# Proper Show Attire for Western County Pleasure/ Classic



## uwharrie (Mar 30, 2011)

Can folks provide some info on proper attire (for women) for the driver if you are in Western County Pleasure or Classic Pleasure?

Photos would be great as well!


----------



## Sandee (Mar 30, 2011)

uwharrie said:


> Can folks provide some info on proper attire (for women) for the driver if you are in Western County Pleasure or Classic Pleasure?
> 
> Photos would be great as well!


These photos are from us in AMHR - don't know exactly how they dress in AMHA.


----------



## Field-of-Dreams (Mar 30, 2011)

For WCP I dress like I was in a western riding class:





For Classic I bet if you'd dress bling-less it would be best.


----------



## Knottymare (Mar 30, 2011)

Nice turnouts, everyone! I hope someday, if I ever show, it will be in this class. I LOVE my western attire!


----------



## uwharrie (Mar 31, 2011)

Thanks for the replies!


----------



## keely2682 (Mar 31, 2011)

for nationals i wore a white lambskin western jacket with rhinestones

one year 1 wore it with a black skirt and black hat (and black harness on my horse)

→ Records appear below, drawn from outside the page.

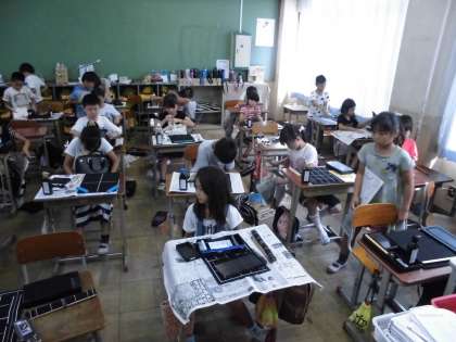 今日は,準備や後片付けの方法を確認し,筆の持ち方や正しい姿勢を意識して学習に取り組みました。
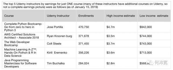 比如我们之前提到 Udemy Top5 课程的收入数据,范围在57万~470万美元之间。这些“明星”头部效应,为考虑是否进驻udemy平台的讲师,提供了高天花板的预期收入实例。
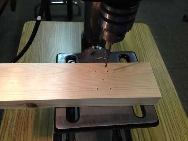 Usando una prensa del taladro, previamente perforados los agujeros guía en y a través de varios tableros, avellanar la madera con el forestner de 1/2 pulgada poco para ocultar los tornillos.
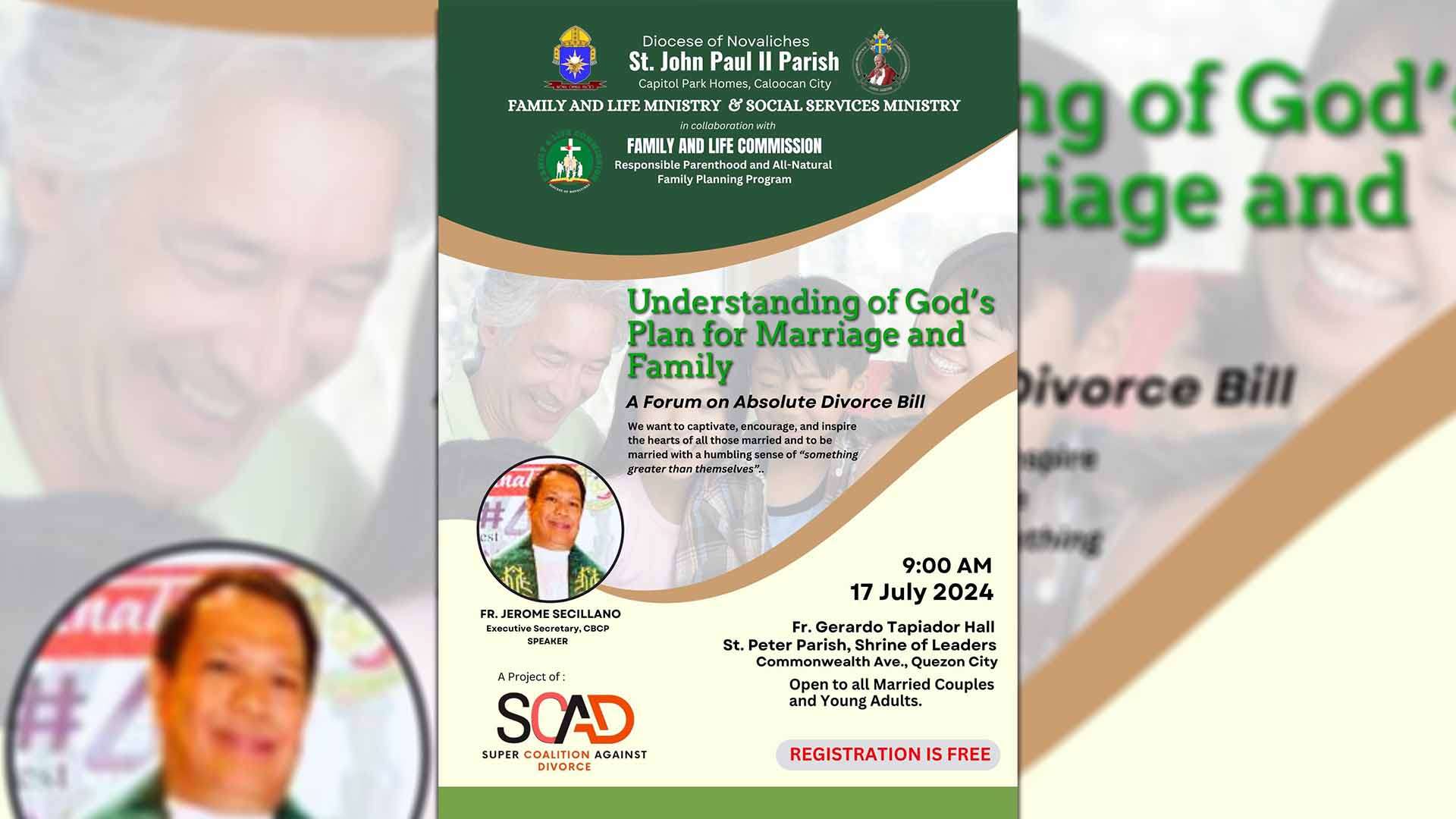 Para lalong maunawaan ang negatibong epekto sa pagsasabatas ng divorce ay magsasagawa ng Forum on Absolute Divorce Bill na may titulong “Understanding God’s Plan on Marriage and Family” ang Family and Life Ministry and Social Services Ministry ng St. John Paul II Parish, Diocese of Novaliches – Family and Life Commission, Responsible Parenthood and All-Natural Family Planning Program, at Super Coalition Against Divorce (SCAD).
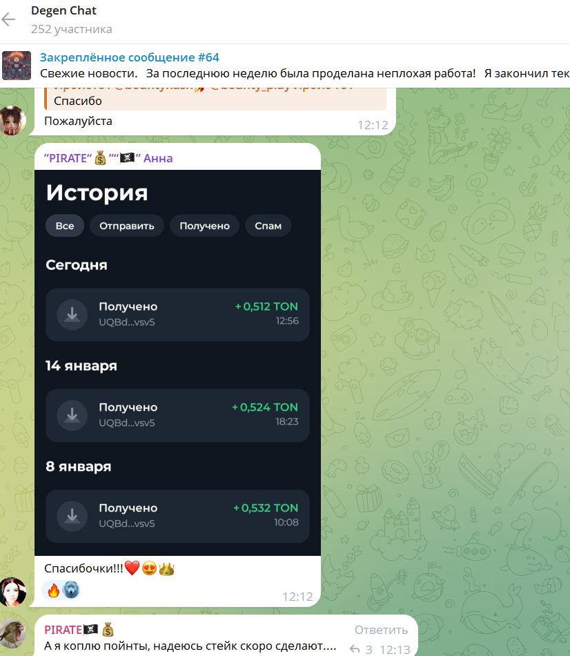 Судя по отзывам, пользователи выводят заработок на TON кошелек Telegram, привязанный к аккаунту бота. Активно фармят внутренние токены пользователи, которые уже зарегистрированы на сомнительных ТГ каналах заработка крипты. Например, про токен Pirate, который невозможно вывести или обменять, есть подробная статья на нашем портале.
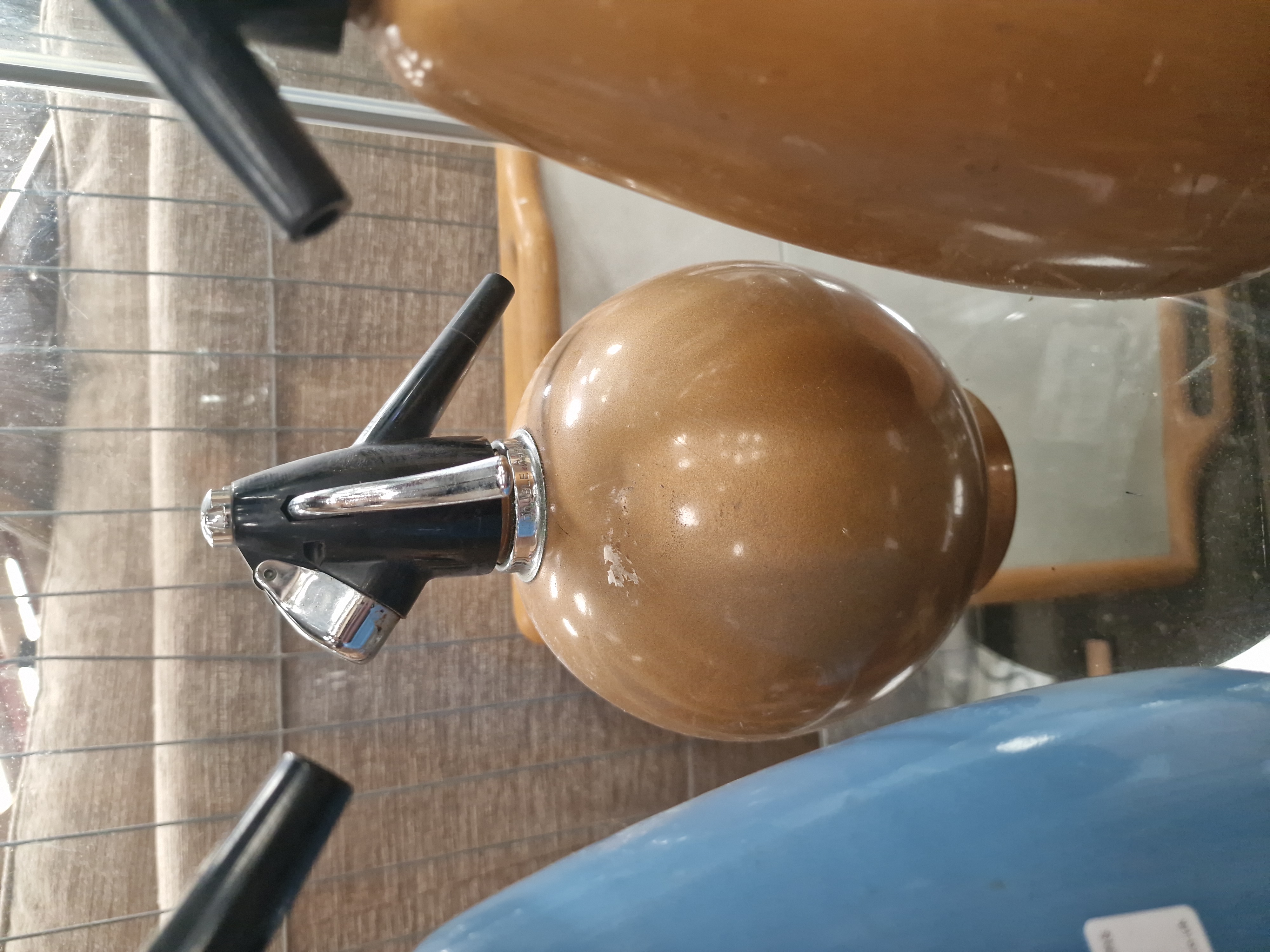 A trio of mid-20th century BOC Sparklets soda syphons manufactured in England. The collection comprises one sky blue ovoid-form syphon and two metallic gold-tone syphons, one of spherical form and one of ovoid form. The bodies are constructed from metal with coloured finishes, each fitted with a black composite and chrome-plated syphon head. The chrome collars are stamped with the marks SPARKLETS and MADE IN ENGLAND. These items are associated with the 1960s and 1970s production period.
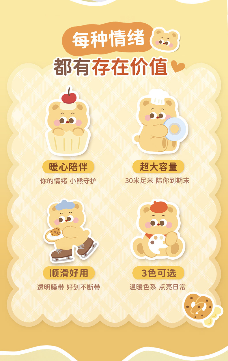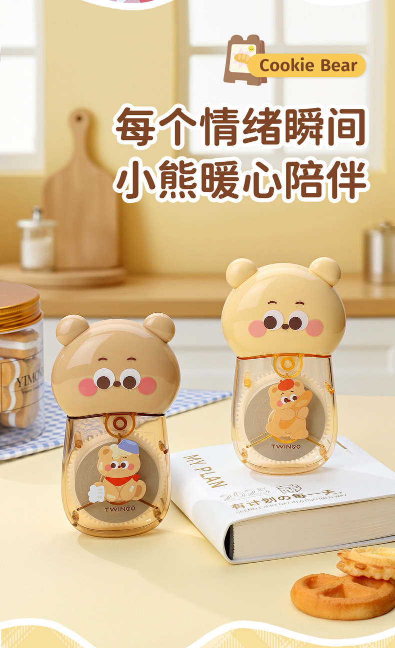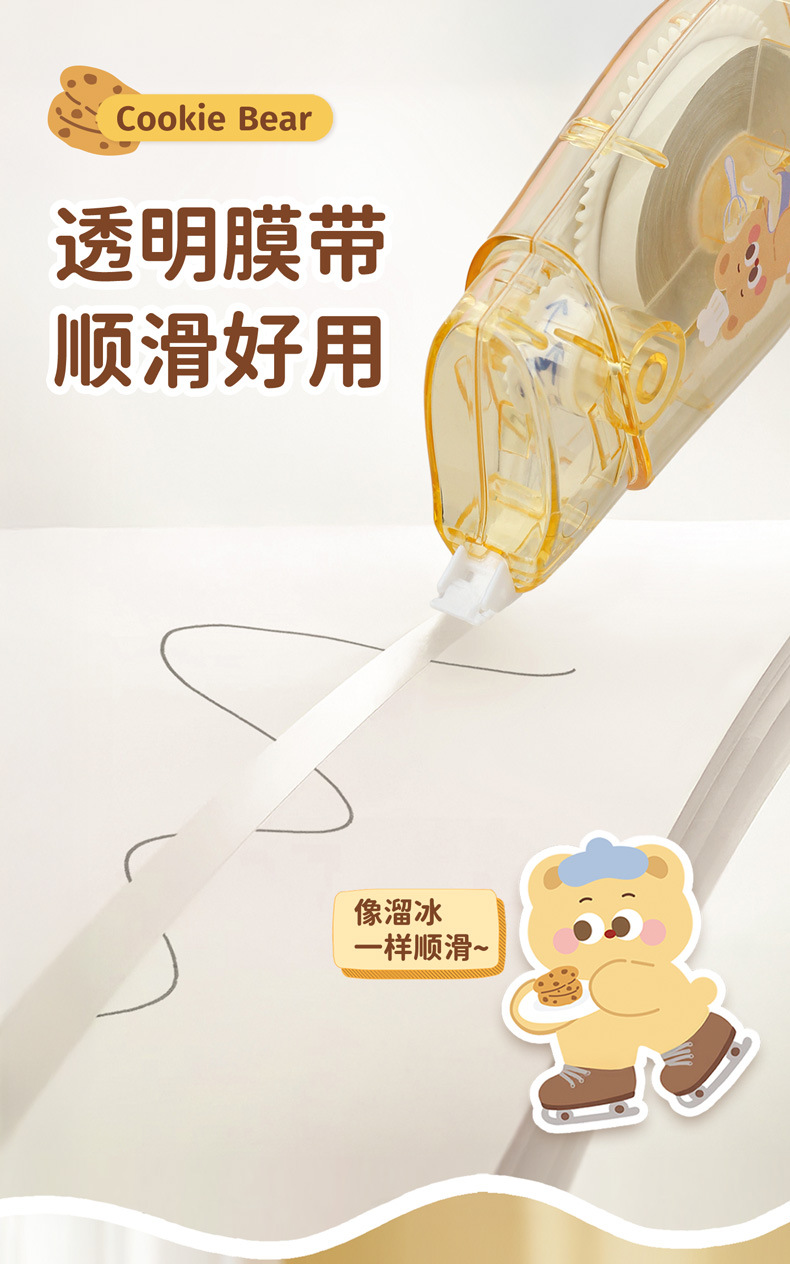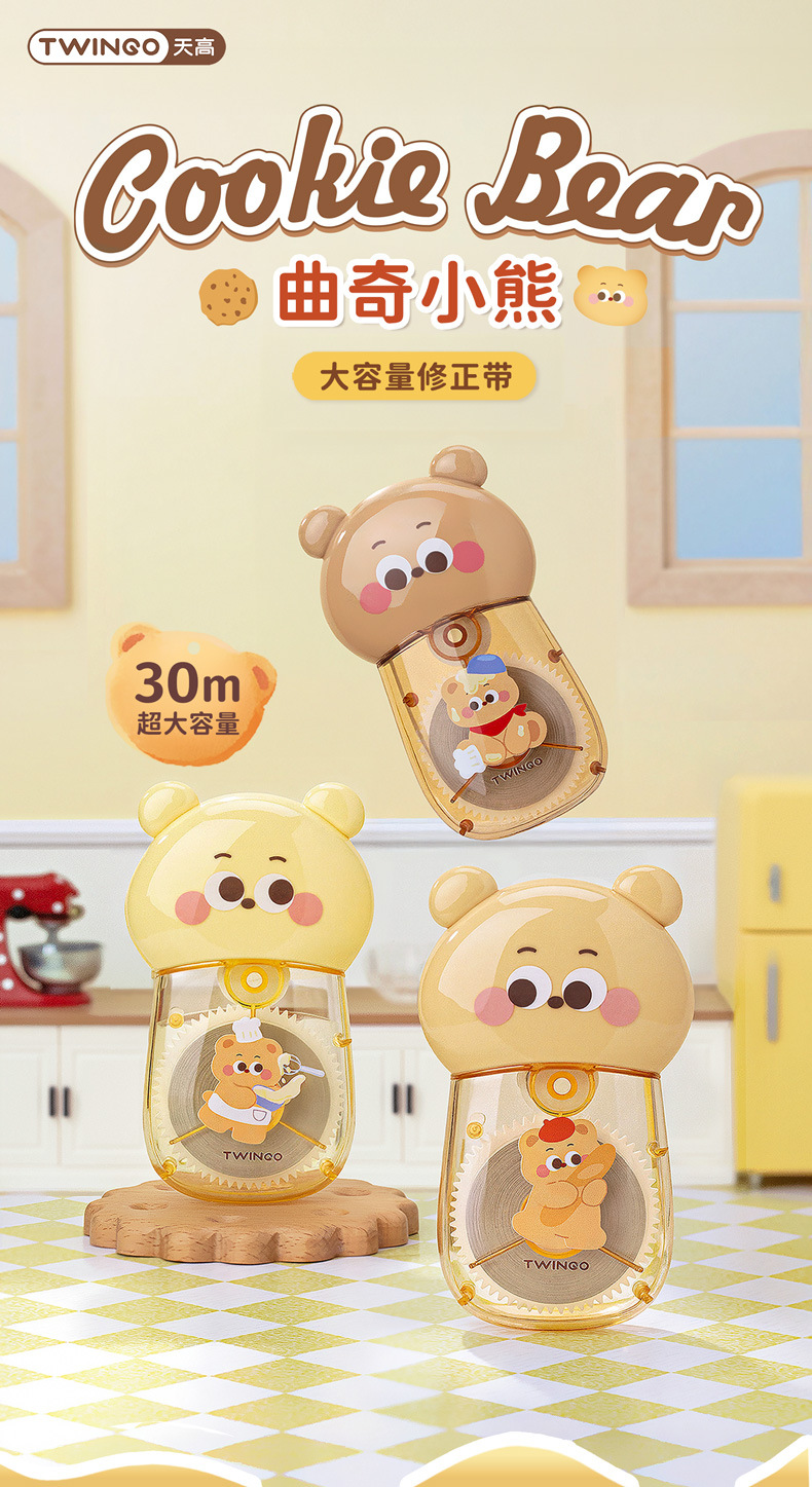 Estudiante creativo Cookie Bear 30 metros corrección de gran capacidad corrección de dibujos animados lindos corrección corrección fácil de transportar

the next year i wore it with sand pants and a sand hat (and light oil western harness)


----------



## wildoak (Apr 5, 2011)

Coming from a QH background, I see it as a chance to do a little more fun western pleasure dressing.



Western with a little more sparkle & glitz. I generally wear a broomstick skirt with a western styled top or jacket, and a good quality western hat. Will post some pictures from this past weekend when I get them.

Jan


----------



## ruffian (Apr 6, 2011)

Most of the WP/Classic turnouts I've seen are wearing Cowboy hats. There were some absolutely beautiful outfits at Nationals. Lots of rhinestones, fringe, etc. Very cool.


----------



## wildoak (Apr 20, 2011)

This is my western country horse/outfit from a couple of weeks ago. Jacket has swarovski crystals that don't show up in the photo.

Jan


----------